Tag: story time

  • I want to know where I’m spending my money. Can I?

    Why? Because I want to budget so that I can spend more where I can and cut down where I have to.

    Simple, right?

    Before we start, let’s go through the lay of the land. I have one bank account (HDFC) & two credit cards (Amazon ICICI & OneCard) from where I spend.

    I invest through Zerodha, but tracking investments is a whole new ballgame and I don’t want to get into that.

    Now about spends. Pretty simple setup, whenever salary hits my DBS account (which I’m trying to retire), I transfer it to HDFC and run all transactions out of the HDFC. Depending on offers, I spend money on the credit cards if it makes sense & usually pay the bills in under 20-25 days.

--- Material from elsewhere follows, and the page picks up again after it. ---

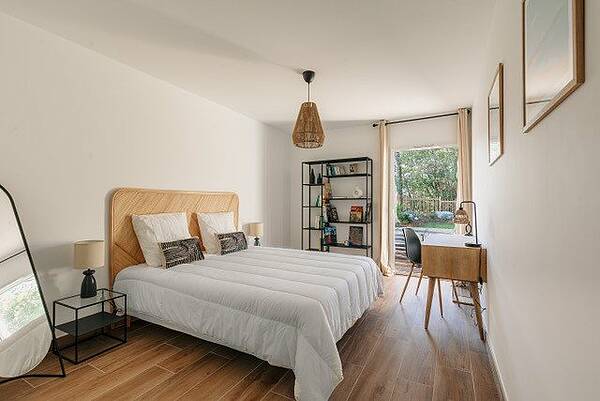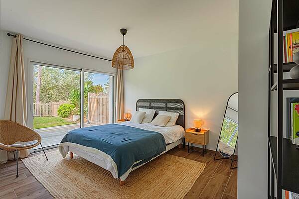 Le coin nuit offre également 3 chambres dont 2 avec un grand lit et accès direct sur la terrasse, et la 3éme comprenant deux petits lits superposés et un lit en 90.

    About the transaction mediums

    • UPI for day to day: 80% of my bank statement is UPI spends (I’ve crunched numbers btw). Range from >5 to < 5000 INR usually.
    • NEFT & RTGS: for cross account transfer
    • ACH (Automated clearing house transactions): For all the auto deducting subscriptions, mutual fund transfers etc.. volume wise these are less transactions but amount wise they are significant.

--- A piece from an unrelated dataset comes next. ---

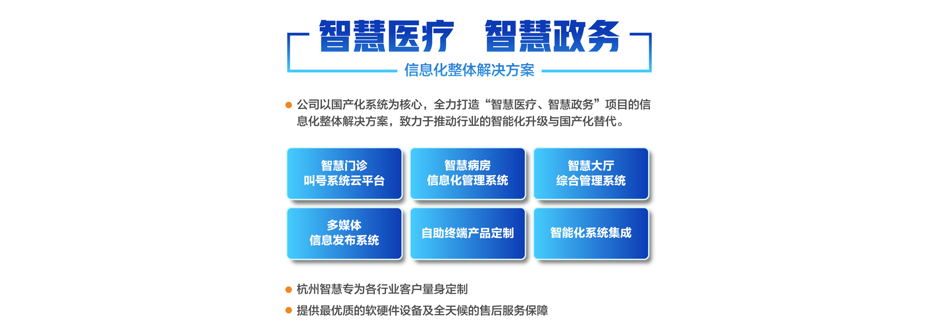 杭州智慧科技有限公司初創(chuàng)于2003年,總部位于重要的電子商務(wù)中心中國(guó)杭州公司主營(yíng)業(yè)務(wù)有:智慧分診叫號(hào)系統(tǒng)、智慧病房醫(yī)護(hù)對(duì)講系統(tǒng)、智慧大廳綜合管理系統(tǒng)、智慧政務(wù)管理系統(tǒng)、智慧多媒體信息發(fā)布系統(tǒng)、導(dǎo)診系統(tǒng)及各自助終端產(chǎn)品定制。專為各行業(yè)客戶量身定制。公司已有20余年行業(yè)經(jīng)驗(yàn)沉淀積累,擁有優(yōu)秀的產(chǎn)品外觀設(shè)計(jì)師和各類中高級(jí)專業(yè)技術(shù)工程師,確保所研發(fā)的產(chǎn)品具有行業(yè)領(lǐng)先的外觀及可靠的技術(shù)性能。并擁有權(quán)威部門(mén)頒發(fā)的各類知識(shí)產(chǎn)權(quán)及專利證書(shū),30多項(xiàng)資質(zhì)證書(shū)、800多個(gè)合作伙伴、2000多個(gè)項(xiàng)目成功案例經(jīng)驗(yàn)。 智慧產(chǎn)品已遍及全國(guó)各醫(yī)療、政務(wù)、金融、通訊、公安、工商、稅務(wù)等行業(yè),形成以“立足杭州、輻射長(zhǎng)三角、拓展全國(guó)”的戰(zhàn)略發(fā)展格局,產(chǎn)品經(jīng)過(guò)歷年不斷創(chuàng)新,形成專業(yè)化、平臺(tái)化,致力于成為智慧產(chǎn)品的領(lǐng)軍企業(yè)。 公司建立了完善的技術(shù)培訓(xùn)及售后服務(wù)中心,并設(shè)24小時(shí)熱線咨詢電話解答用戶反饋的問(wèn)題。同時(shí)應(yīng)客戶要求定期派技術(shù)人員到 全國(guó)各地進(jìn)行技術(shù)指導(dǎo)輔助用戶正確使用智慧產(chǎn)品并能獨(dú)立安裝、調(diào)試、日常維護(hù)等工作。提供最優(yōu)質(zhì)的設(shè)備及全天候的售后服務(wù)保障,智慧永恒不變的服務(wù)宗旨——致力于客戶的滿意與成功!...

    First try: Account aggregator

    Account aggregator in principal is awesome, one singular place where all account information is available.

    But that’s the catch, it is available. But not to you. It is available to companies to profile and sell their business.

    I have nothing against it by the way, making money is important. I would have loved if some company offers a paid API to pull transaction data so that I can setup everyday sync with the budgeting platform of choice.

    This is not a groundbreaking idea, Plaid is a company which does it in the US, a lot of other apps like YNAB use for syncing transactions. But no company in India provides this as a service. And interestingly no company is solving for budgeting yet in India. Why not?

    Since I don’t have access to my own data neither through API nor through CSV exports in the Account Aggregator ecosystem, on to the next try.

    Second try: Bank statement parsing

    Every bank worth its salt gives a CSV export, Right?

    Not really (for example Jupiter money does not), but some banks do. For example HDFC does!

    You can download the last five years bank statement in multiple formats ranging from CSV to excel to MS Money..?

    Anyways, we need to download “delimited”, which is “delimited” by a comma. Nice. But on downloading you see a txt file…? How did that happen?

    Well because HDFC only said it’ll share a delimited file, it did not say its a csv file. Right? so the text file is actually a csv file. You’ll just have to rename the extension.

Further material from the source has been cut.